#### DATA PROVIDED

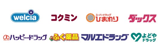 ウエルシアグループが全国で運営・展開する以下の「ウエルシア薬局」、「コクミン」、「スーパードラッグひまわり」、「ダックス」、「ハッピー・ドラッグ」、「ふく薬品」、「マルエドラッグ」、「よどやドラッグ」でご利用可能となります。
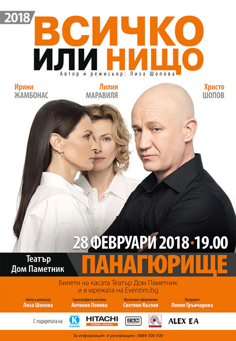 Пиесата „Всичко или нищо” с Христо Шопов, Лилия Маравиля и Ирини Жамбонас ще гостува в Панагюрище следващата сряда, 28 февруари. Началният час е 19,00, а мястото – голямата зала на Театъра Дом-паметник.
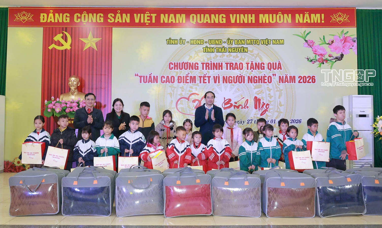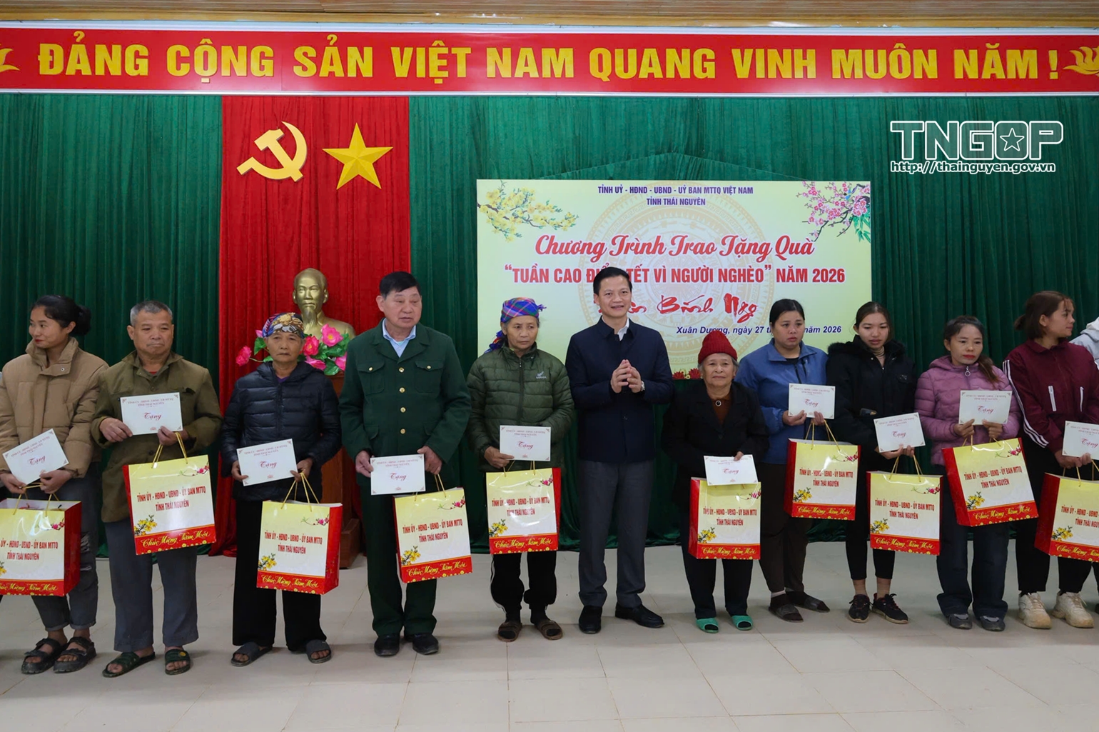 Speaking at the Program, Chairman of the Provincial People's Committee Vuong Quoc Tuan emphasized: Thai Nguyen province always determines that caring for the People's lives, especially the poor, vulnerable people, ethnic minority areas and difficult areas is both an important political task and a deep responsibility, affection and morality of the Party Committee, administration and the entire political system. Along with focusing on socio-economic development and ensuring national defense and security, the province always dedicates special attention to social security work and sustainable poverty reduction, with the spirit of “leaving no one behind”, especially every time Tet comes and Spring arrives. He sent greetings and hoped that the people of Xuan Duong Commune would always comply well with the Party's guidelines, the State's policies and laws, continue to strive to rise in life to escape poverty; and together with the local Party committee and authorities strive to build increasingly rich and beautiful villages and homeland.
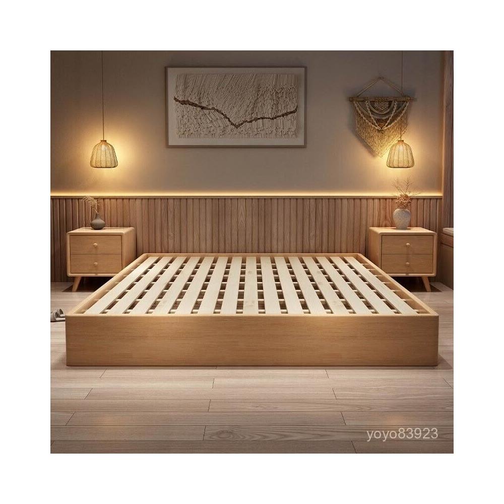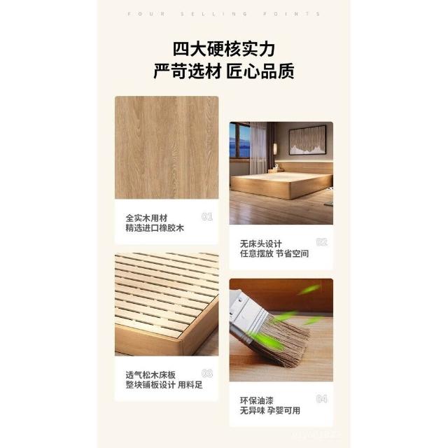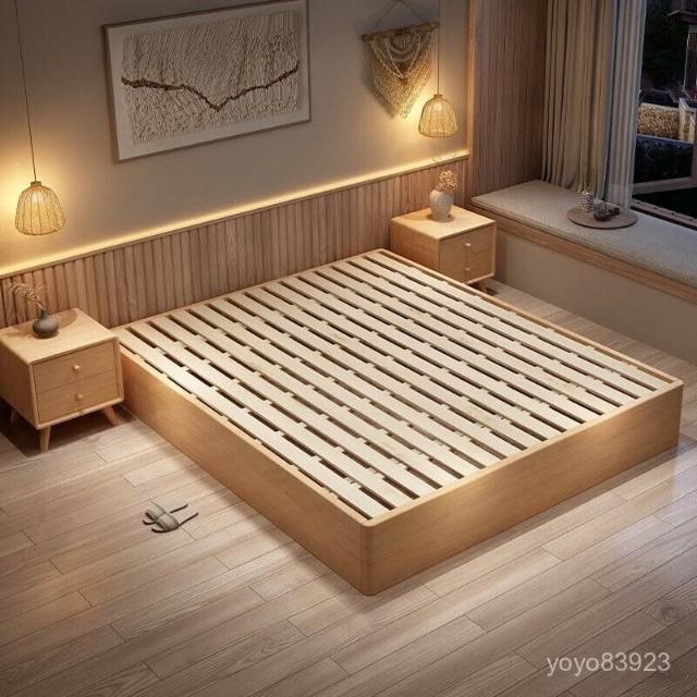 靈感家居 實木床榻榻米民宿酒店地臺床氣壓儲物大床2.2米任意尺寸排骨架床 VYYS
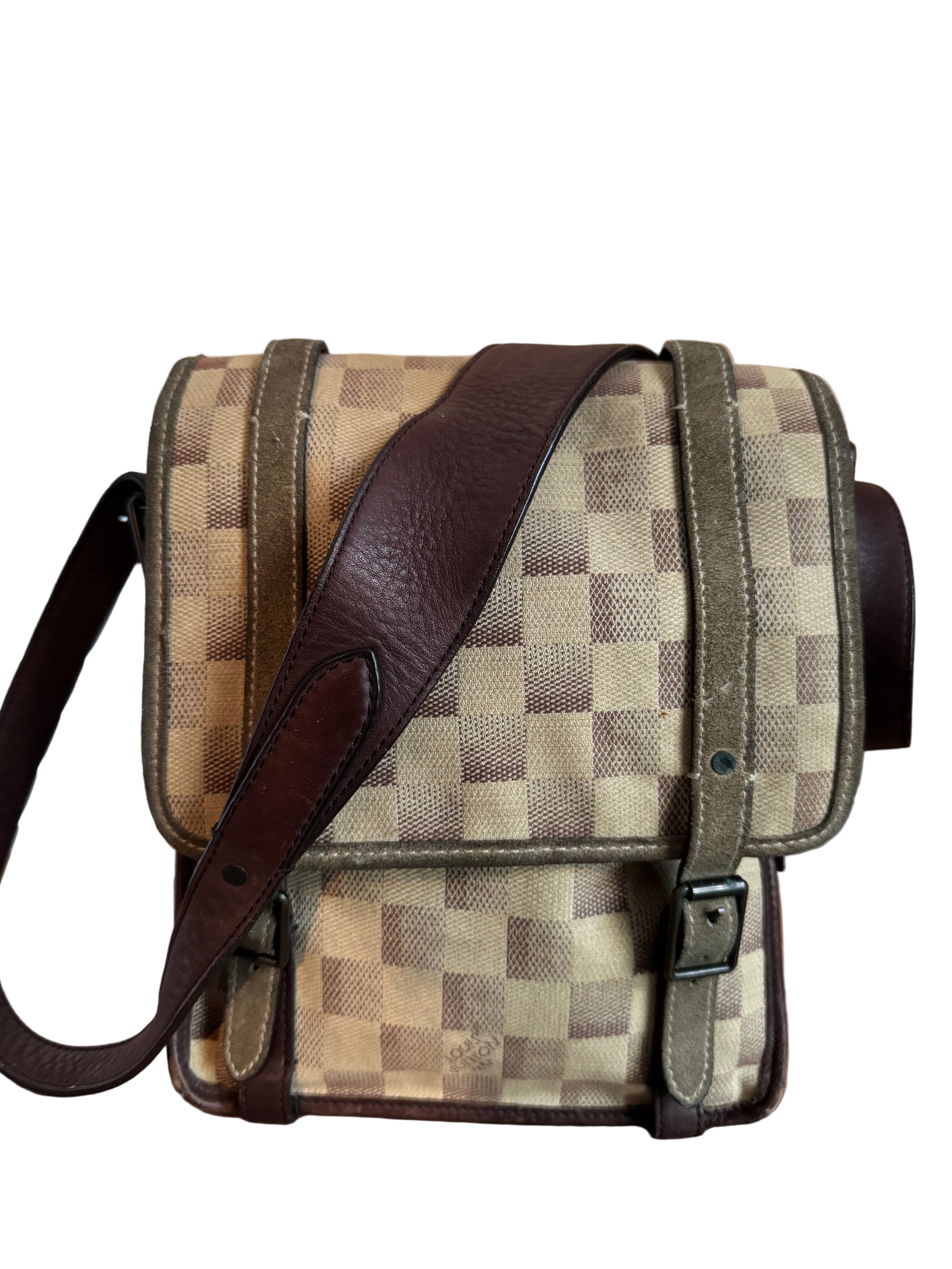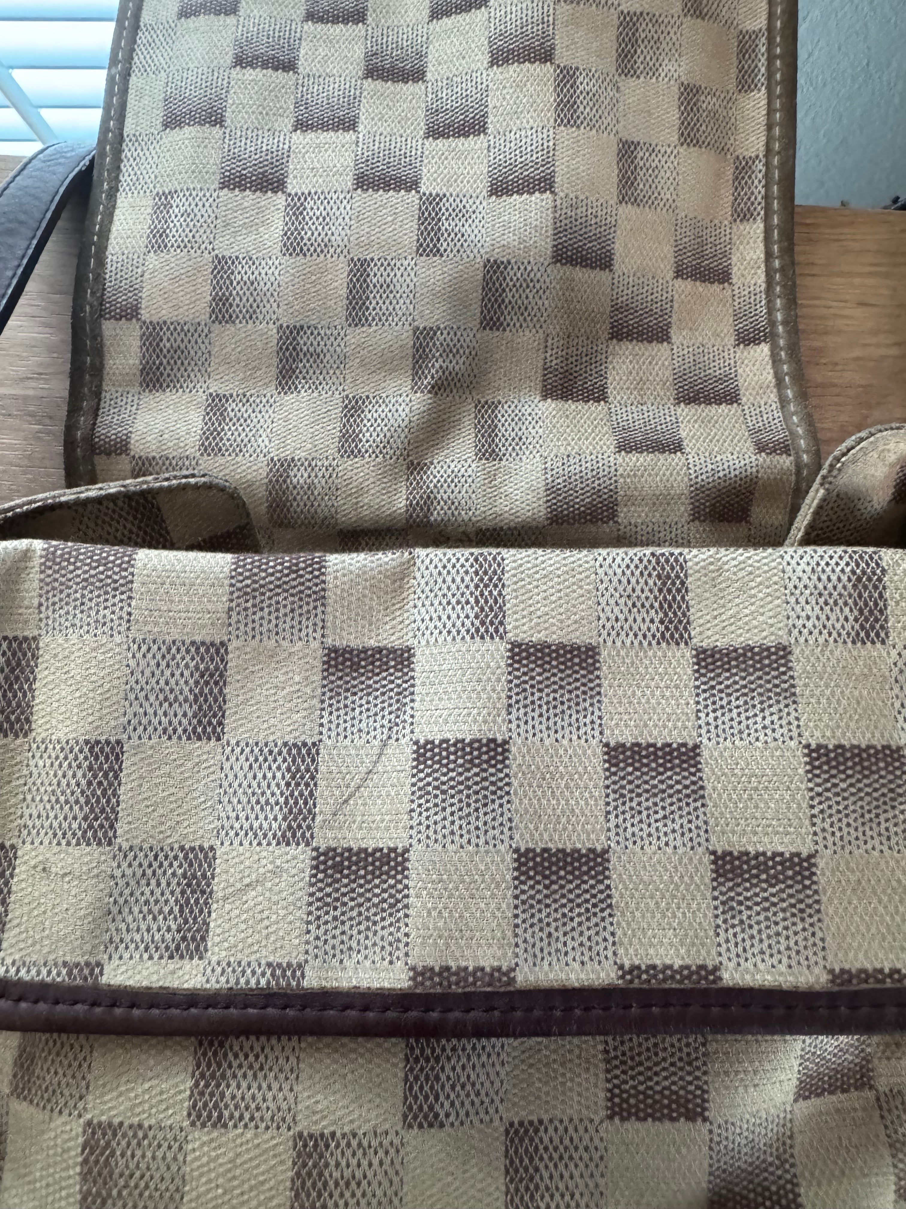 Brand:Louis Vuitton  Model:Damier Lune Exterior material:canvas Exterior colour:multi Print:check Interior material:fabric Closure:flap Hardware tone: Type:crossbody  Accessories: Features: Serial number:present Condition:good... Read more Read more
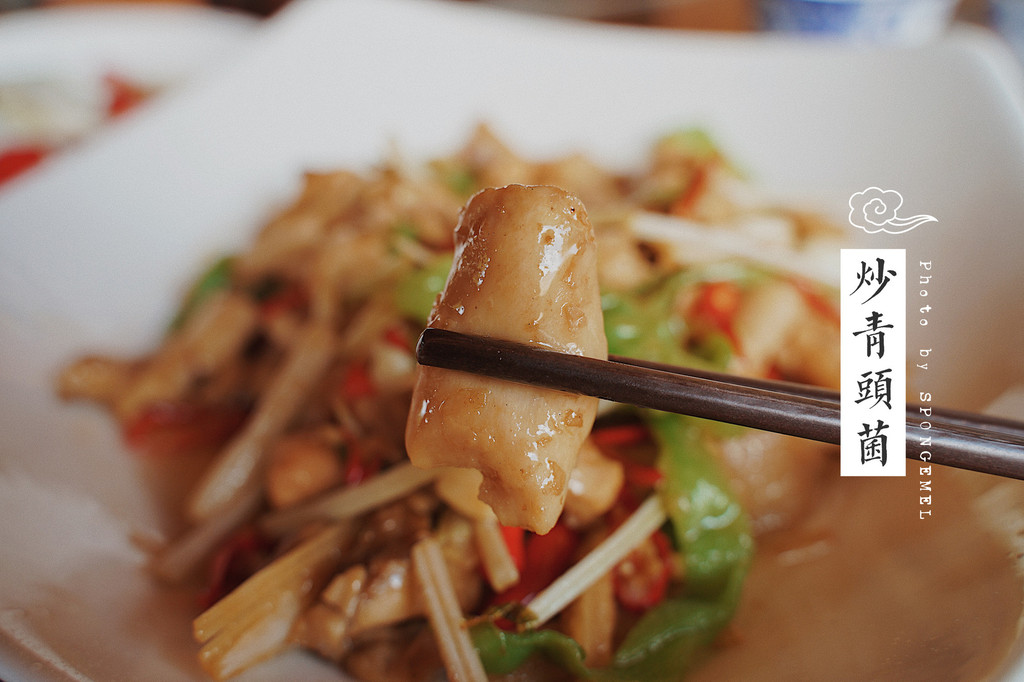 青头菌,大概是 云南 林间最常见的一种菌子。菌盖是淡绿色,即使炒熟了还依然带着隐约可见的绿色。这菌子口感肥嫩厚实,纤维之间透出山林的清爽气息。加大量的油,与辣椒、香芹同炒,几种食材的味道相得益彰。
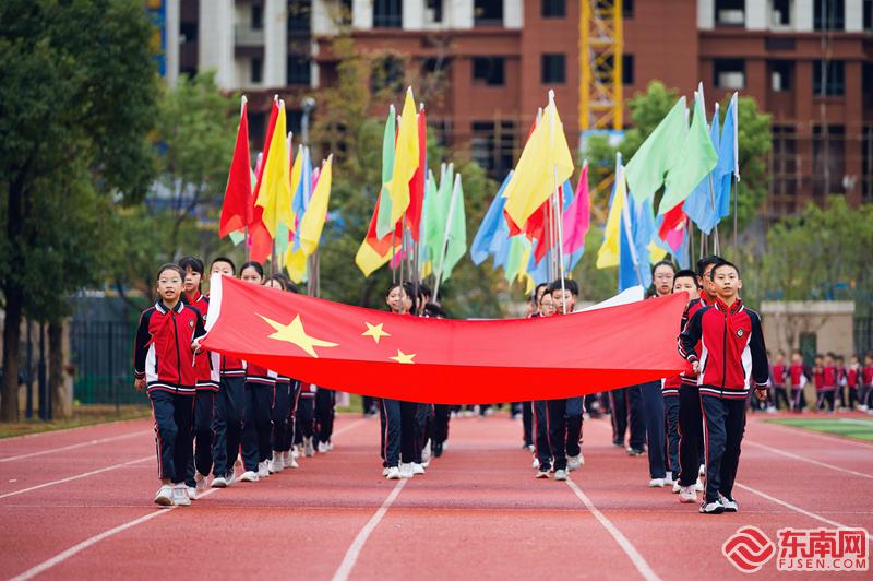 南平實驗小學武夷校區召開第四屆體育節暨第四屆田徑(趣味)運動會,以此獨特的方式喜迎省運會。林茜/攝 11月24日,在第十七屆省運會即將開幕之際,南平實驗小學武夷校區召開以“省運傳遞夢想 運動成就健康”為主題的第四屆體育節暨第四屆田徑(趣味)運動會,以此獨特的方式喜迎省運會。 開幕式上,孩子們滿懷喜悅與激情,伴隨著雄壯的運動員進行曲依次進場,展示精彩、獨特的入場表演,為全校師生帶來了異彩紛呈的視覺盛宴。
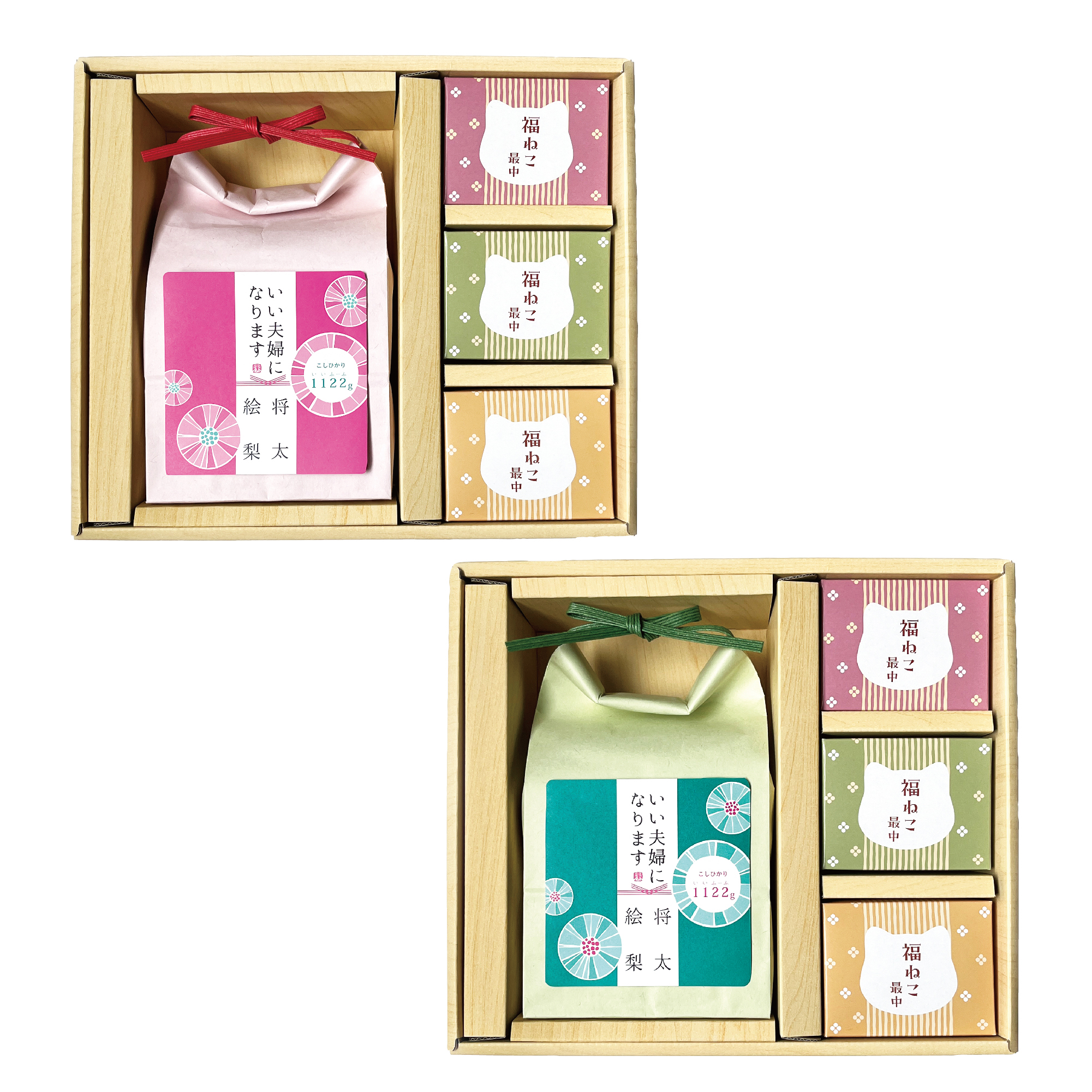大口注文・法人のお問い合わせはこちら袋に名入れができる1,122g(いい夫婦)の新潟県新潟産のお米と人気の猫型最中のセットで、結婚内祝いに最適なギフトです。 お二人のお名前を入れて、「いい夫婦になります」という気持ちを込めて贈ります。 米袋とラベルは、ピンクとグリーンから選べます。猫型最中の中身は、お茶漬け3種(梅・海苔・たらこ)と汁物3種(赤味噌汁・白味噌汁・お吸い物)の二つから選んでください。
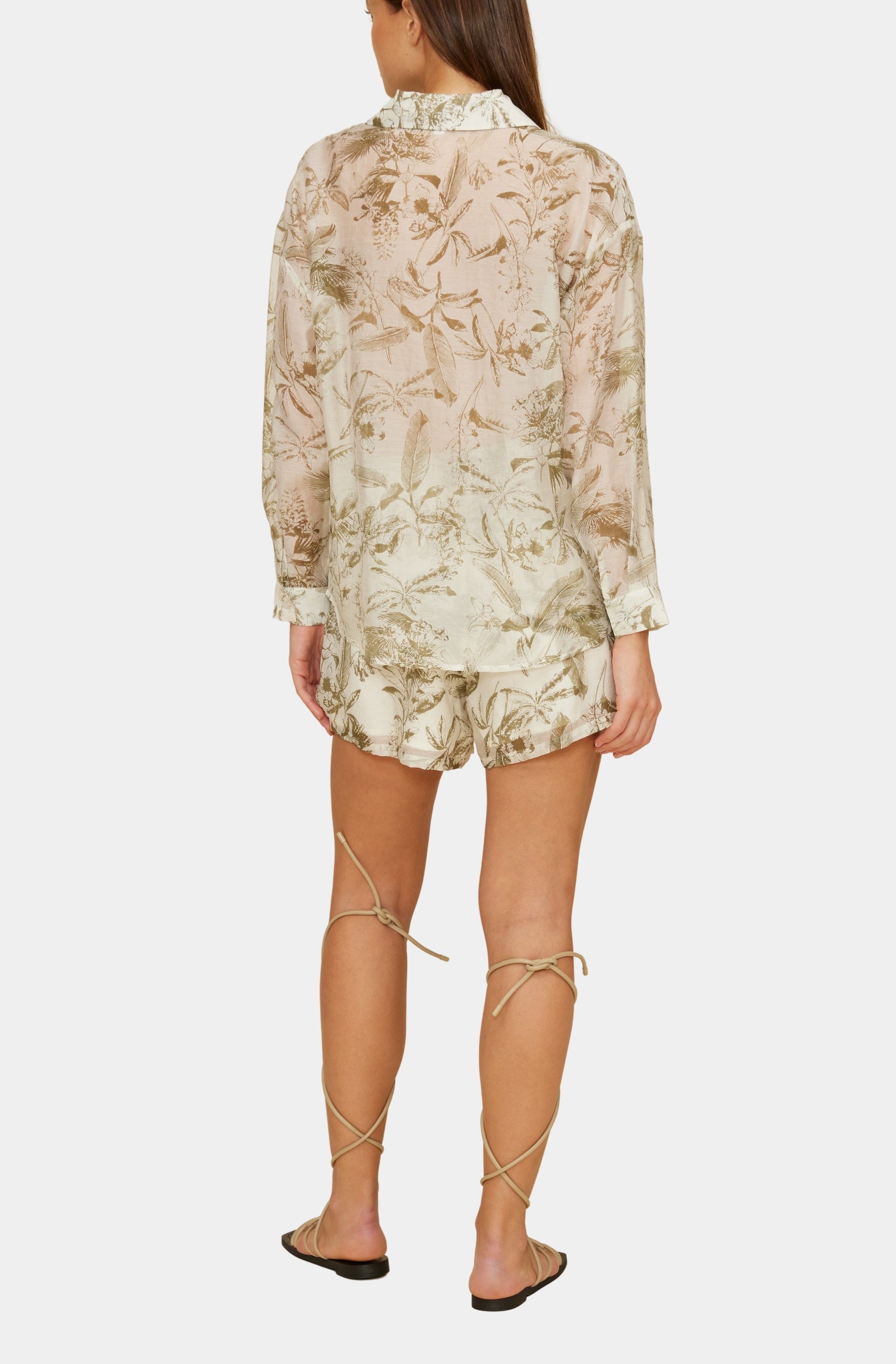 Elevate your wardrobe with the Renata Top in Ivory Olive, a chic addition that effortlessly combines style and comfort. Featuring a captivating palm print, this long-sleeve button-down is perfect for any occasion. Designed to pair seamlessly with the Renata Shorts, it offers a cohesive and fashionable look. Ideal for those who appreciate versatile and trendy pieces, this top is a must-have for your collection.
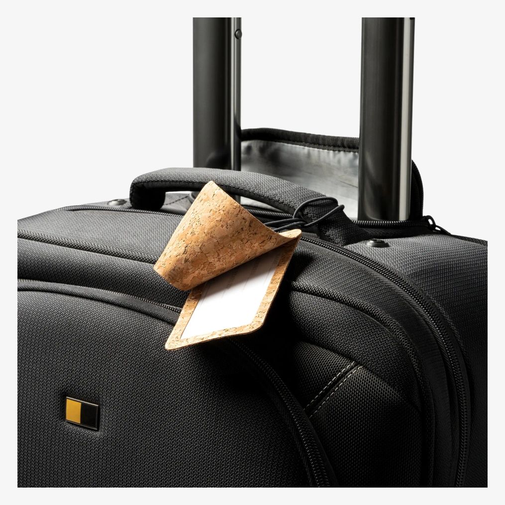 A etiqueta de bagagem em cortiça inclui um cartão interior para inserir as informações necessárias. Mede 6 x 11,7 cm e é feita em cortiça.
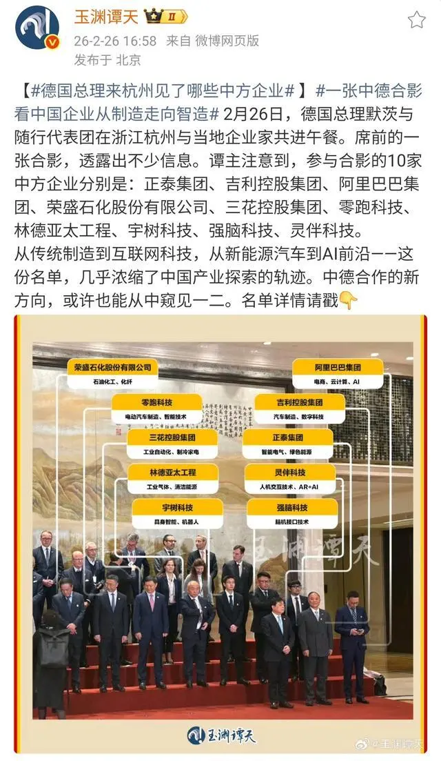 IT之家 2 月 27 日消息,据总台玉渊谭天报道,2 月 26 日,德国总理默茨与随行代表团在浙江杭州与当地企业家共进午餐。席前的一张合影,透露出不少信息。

########

All of the data needs repeating exactly, but the pictures do not.

 ウエルシアグループが全国で運営・展開する以下の「ウエルシア薬局」、「コクミン」、「スーパードラッグひまわり」、「ダックス」、「ハッピー・ドラッグ」、「ふく薬品」、「マルエドラッグ」、「よどやドラッグ」でご利用可能となります。
 Пиесата „Всичко или нищо” с Христо Шопов, Лилия Маравиля и Ирини Жамбонас ще гостува в Панагюрище следващата сряда, 28 февруари. Началният час е 19,00, а мястото – голямата зала на Театъра Дом-паметник.
 Speaking at the Program, Chairman of the Provincial People's Committee Vuong Quoc Tuan emphasized: Thai Nguyen province always determines that caring for the People's lives, especially the poor, vulnerable people, ethnic minority areas and difficult areas is both an important political task and a deep responsibility, affection and morality of the Party Committee, administration and the entire political system. Along with focusing on socio-economic development and ensuring national defense and security, the province always dedicates special attention to social security work and sustainable poverty reduction, with the spirit of “leaving no one behind”, especially every time Tet comes and Spring arrives. He sent greetings and hoped that the people of Xuan Duong Commune would always comply well with the Party's guidelines, the State's policies and laws, continue to strive to rise in life to escape poverty; and together with the local Party committee and authorities strive to build increasingly rich and beautiful villages and homeland.
 靈感家居 實木床榻榻米民宿酒店地臺床氣壓儲物大床2.2米任意尺寸排骨架床 VYYS
 Brand:Louis Vuitton  Model:Damier Lune Exterior material:canvas Exterior colour:multi Print:check Interior material:fabric Closure:flap Hardware tone: Type:crossbody  Accessories: Features: Serial number:present Condition:good... Read more Read more
 青头菌,大概是 云南 林间最常见的一种菌子。菌盖是淡绿色,即使炒熟了还依然带着隐约可见的绿色。这菌子口感肥嫩厚实,纤维之间透出山林的清爽气息。加大量的油,与辣椒、香芹同炒,几种食材的味道相得益彰。
 南平實驗小學武夷校區召開第四屆體育節暨第四屆田徑(趣味)運動會,以此獨特的方式喜迎省運會。林茜/攝 11月24日,在第十七屆省運會即將開幕之際,南平實驗小學武夷校區召開以“省運傳遞夢想 運動成就健康”為主題的第四屆體育節暨第四屆田徑(趣味)運動會,以此獨特的方式喜迎省運會。 開幕式上,孩子們滿懷喜悅與激情,伴隨著雄壯的運動員進行曲依次進場,展示精彩、獨特的入場表演,為全校師生帶來了異彩紛呈的視覺盛宴。
大口注文・法人のお問い合わせはこちら袋に名入れができる1,122g(いい夫婦)の新潟県新潟産のお米と人気の猫型最中のセットで、結婚内祝いに最適なギフトです。 お二人のお名前を入れて、「いい夫婦になります」という気持ちを込めて贈ります。 米袋とラベルは、ピンクとグリーンから選べます。猫型最中の中身は、お茶漬け3種(梅・海苔・たらこ)と汁物3種(赤味噌汁・白味噌汁・お吸い物)の二つから選んでください。
 Elevate your wardrobe with the Renata Top in Ivory Olive, a chic addition that effortlessly combines style and comfort. Featuring a captivating palm print, this long-sleeve button-down is perfect for any occasion. Designed to pair seamlessly with the Renata Shorts, it offers a cohesive and fashionable look. Ideal for those who appreciate versatile and trendy pieces, this top is a must-have for your collection.
 A etiqueta de bagagem em cortiça inclui um cartão interior para inserir as informações necessárias. Mede 6 x 11,7 cm e é feita em cortiça.
 IT之家 2 月 27 日消息,据总台玉渊谭天报道,2 月 26 日,德国总理默茨与随行代表团在浙江杭州与当地企业家共进午餐。席前的一张合影,透露出不少信息。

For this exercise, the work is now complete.